Finland therefore opted for an intermediate solution. “has With this purchase, Finland wants to indicate that it has the technological means to neutralize an incoming threat to Russia, i.e. to warn of an incoming ballistic missile.“, believes Alain de Neve.
Could anti-missile defenses on the border between Russia and NATO prevent Russia from dropping a nuclear bomb on a country that has been at war in Ukraine for more than a year and a half? Is it an effective deterrent? For the researcher, this question can be answered in two different ways. He distinguishes “two schools”:
“The first school holds that ‘anti-missile defense systems are systems that upset the strategic balance of nuclear deterrence asserted by the United States, France and the United Kingdom’. Because we want to prevent the Russians from fully deploying these anti-missile systems, we can increase the level of testing that strikes NATO territory. So it will be a crisis accelerator.”

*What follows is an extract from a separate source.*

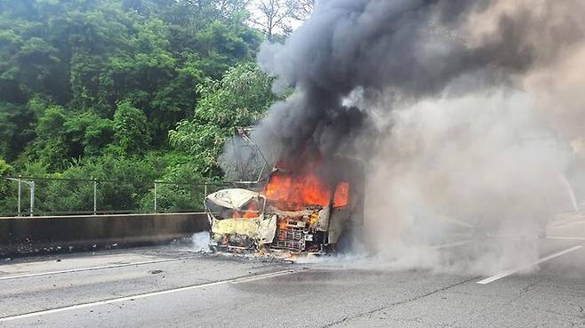 또 사고 직후 화재가 발생해 25톤 트레일러와 유도 차량이 전소됐고 1시간 만에 진화됐습니다.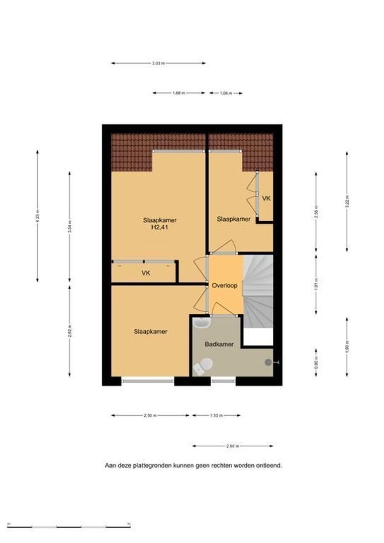 Op de eerste verdieping zijn drie slaapkamers, waarvan twee met vaste kasten.

“And then there’s another school that says: ‘No, anti-missile defense is a form of assurance. If deterrence fails, we always have an anti-missile defense that can, if necessary, neutralize an opposing ballistic attack.“
One thing’s for sure, Finland isn’t just sending a message to Russia. He also addresses the NATO members he joined last April. “At the NATO level, we must realize that the system that the Finns have just acquired will be integrated into the ‘NATO’ anti-aircraft defense. So it has a contribution somewhere Finland in anti-missile defense is, of course, its territory, but also the territory of allies“, continues the expert.